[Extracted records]
BEGIN
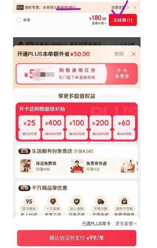 购物车底部“开plus可省50”
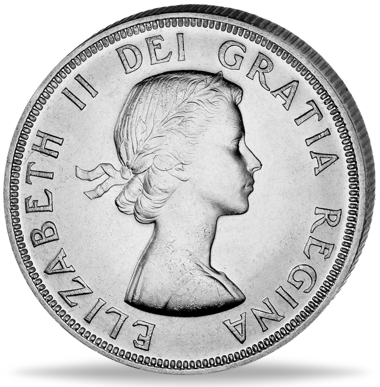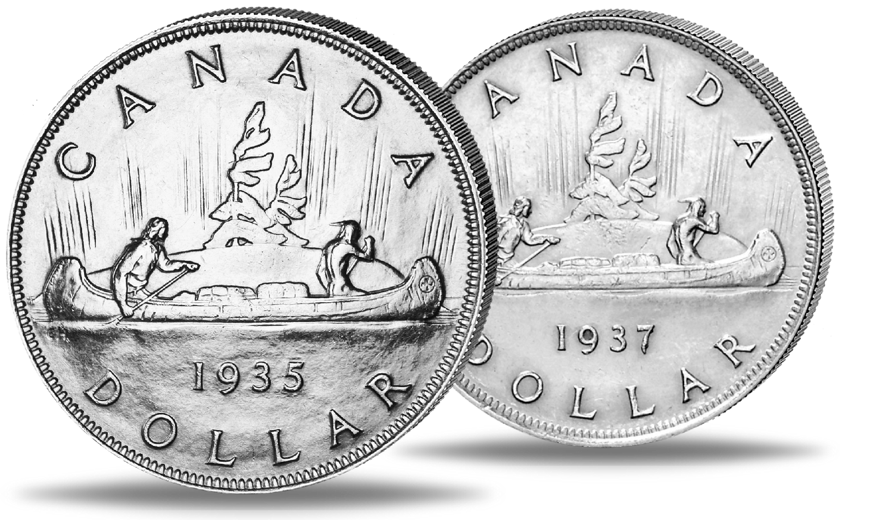 Trägt durch das Motiv auch den Namen „Voyageur Dollar“: Kanu mit einem „Voyageur“ (franz. Reisender), der von einem Ureinwohner begleitet wird !
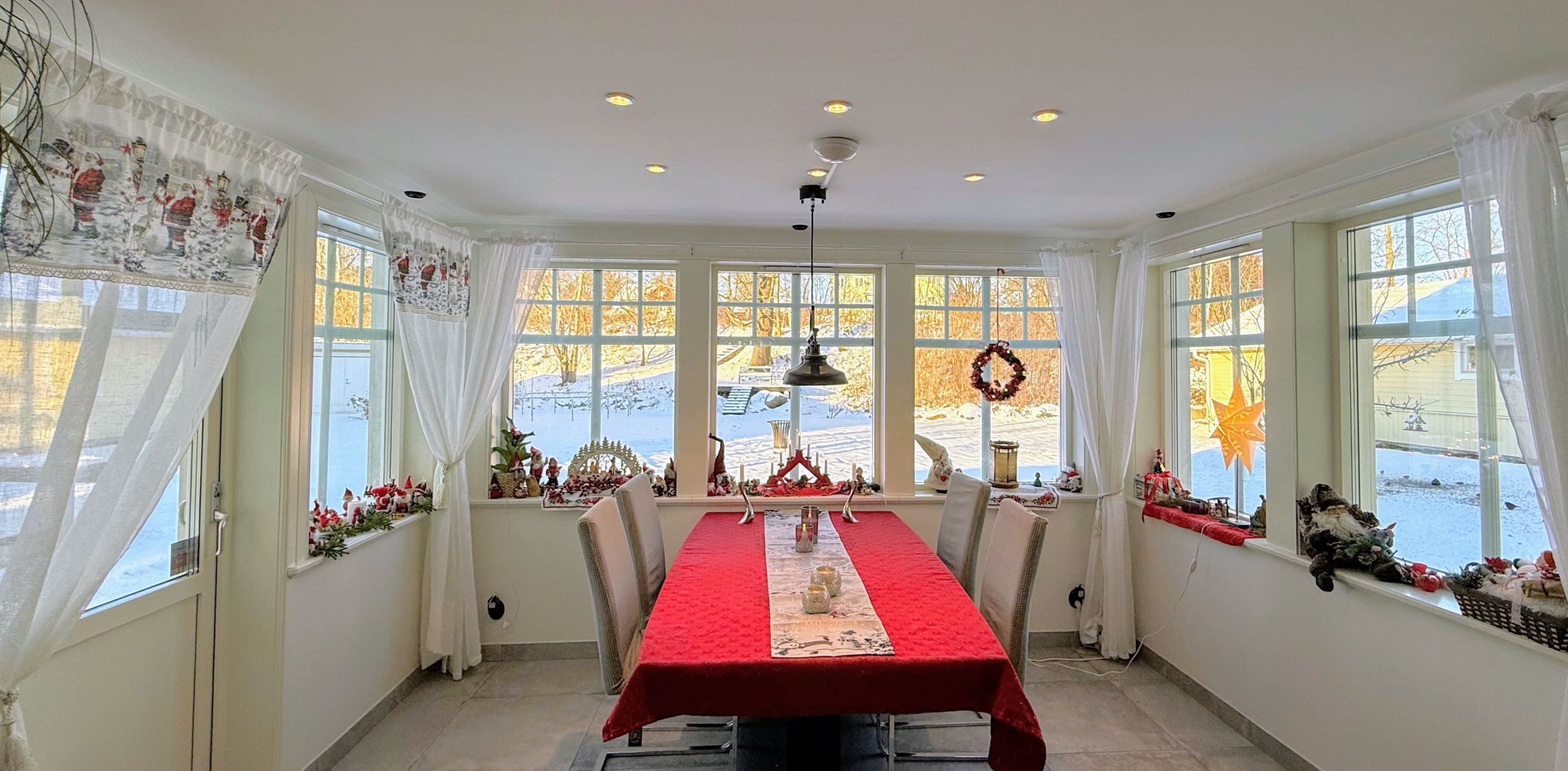 Högkvalitativt kök från Ballingslöv med maskinell utrustning bestående av inbyggnadsugn, inbyggnadsmikro, vinkyl, induktionshäll, takhängd fläktkåpa, kyl, frys och diskmaskin. Köket har en jämn fin belysning dels från takspotlights och även under överskåpen med dimmer och olika färgvalsfunktioner. Här finner ni väl tilltagna arbetsytor utmärkt för matlagning och umgänge med en stor köksö. Klinkergolv och betongbänkskiva. Matplatsen är placerad i glasverandan med öppen planlösning mot köket.
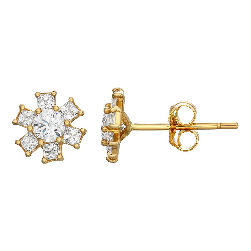Gold 'N' Ice 10k Gold Cubic Zirconia Flower Stud Earrings, Women's, Grey
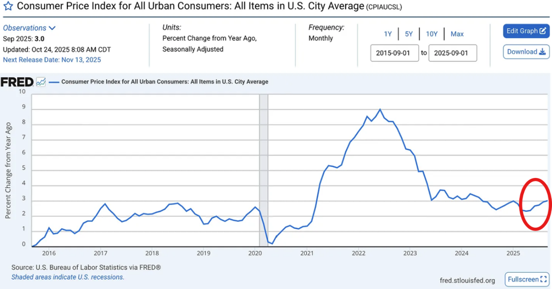 显然市场很喜欢周五的通胀数据。其实这个通胀数据跟过去几个月一直的趋势没有太大的不同,算是在市场的预期之中。通胀CPI继续在3%处胶着,如果看月同比的话,自2025年4月+2.3%触底以来,年化通胀率已经5 个月上涨(见下图)。而股市并不为通胀担心。
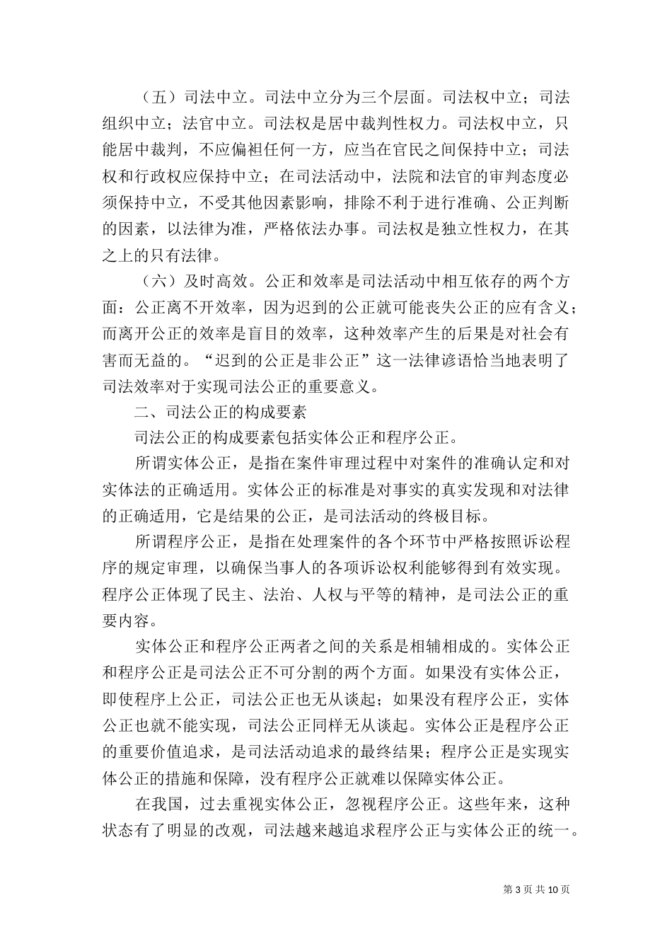 第1页共10页诠释影响司法公正的因素实现途径论文提要。司法公正是依法治国的重要环节,是法律正义与道德正义在社会现实生活中的实现,是审...
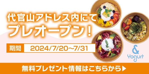 正式オープンに先駆け、代官山アドレス内にて期間限定オープンいたします。期間中は& YogurtのLINE公式アカウント登録&SNS投稿でお試しハーフサイズのテイクアウトグリークヨーグルト(定番コムハニー・生ハムアボ・抹茶のいずれか1点)を無料プレゼント!
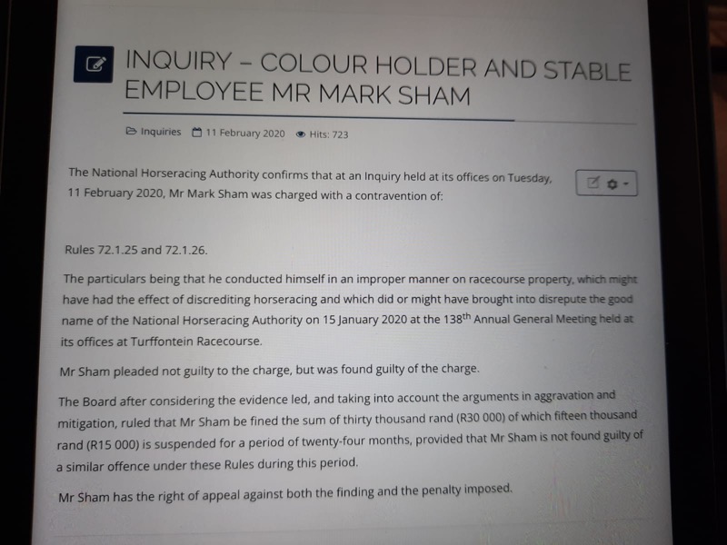 Re: Group 1-winning trainer banned for six months for falsifying ownership details
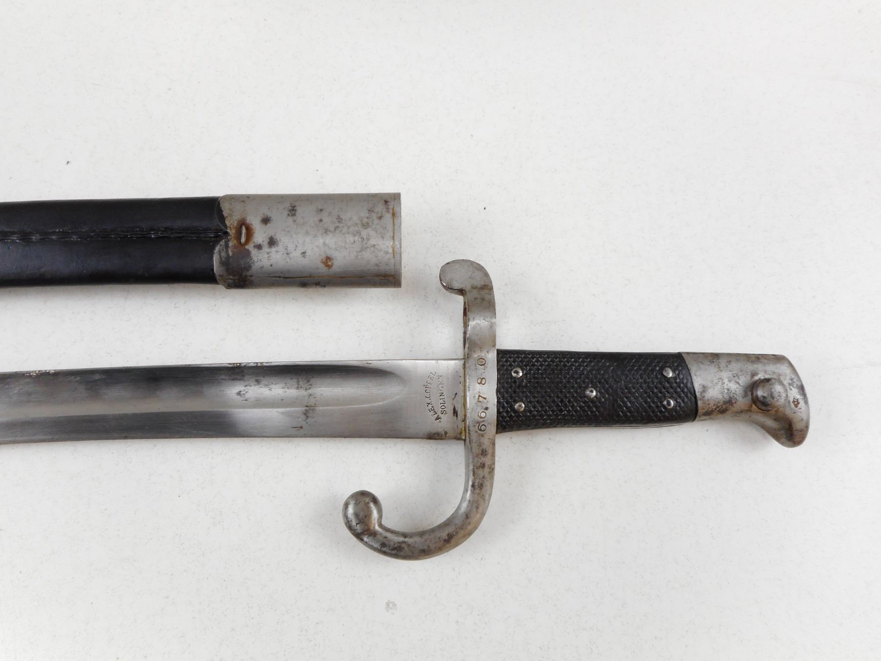 YATAGHAN BLADE SWORD BAYONET , COMES WITH SCABBARD, BLADE STAMPED ALEX COPPEL SOLINGEN
END
> **ABOUT THIS TASK**
Your answer must be exactly the lines from the one containing "Trägt durch das" through the last line of the records above, both included, with every picture left out.

> **RESULT OF THIS TASK**
 Trägt durch das Motiv auch den Namen „Voyageur Dollar“: Kanu mit einem „Voyageur“ (franz. Reisender), der von einem Ureinwohner begleitet wird !
 Högkvalitativt kök från Ballingslöv med maskinell utrustning bestående av inbyggnadsugn, inbyggnadsmikro, vinkyl, induktionshäll, takhängd fläktkåpa, kyl, frys och diskmaskin. Köket har en jämn fin belysning dels från takspotlights och även under överskåpen med dimmer och olika färgvalsfunktioner. Här finner ni väl tilltagna arbetsytor utmärkt för matlagning och umgänge med en stor köksö. Klinkergolv och betongbänkskiva. Matplatsen är placerad i glasverandan med öppen planlösning mot köket.
Gold 'N' Ice 10k Gold Cubic Zirconia Flower Stud Earrings, Women's, Grey
 显然市场很喜欢周五的通胀数据。其实这个通胀数据跟过去几个月一直的趋势没有太大的不同,算是在市场的预期之中。通胀CPI继续在3%处胶着,如果看月同比的话,自2025年4月+2.3%触底以来,年化通胀率已经5 个月上涨(见下图)。而股市并不为通胀担心。
 第1页共10页诠释影响司法公正的因素实现途径论文提要。司法公正是依法治国的重要环节,是法律正义与道德正义在社会现实生活中的实现,是审...
 正式オープンに先駆け、代官山アドレス内にて期間限定オープンいたします。期間中は& YogurtのLINE公式アカウント登録&SNS投稿でお試しハーフサイズのテイクアウトグリークヨーグルト(定番コムハニー・生ハムアボ・抹茶のいずれか1点)を無料プレゼント!
 Re: Group 1-winning trainer banned for six months for falsifying ownership details
 YATAGHAN BLADE SWORD BAYONET , COMES WITH SCABBARD, BLADE STAMPED ALEX COPPEL SOLINGEN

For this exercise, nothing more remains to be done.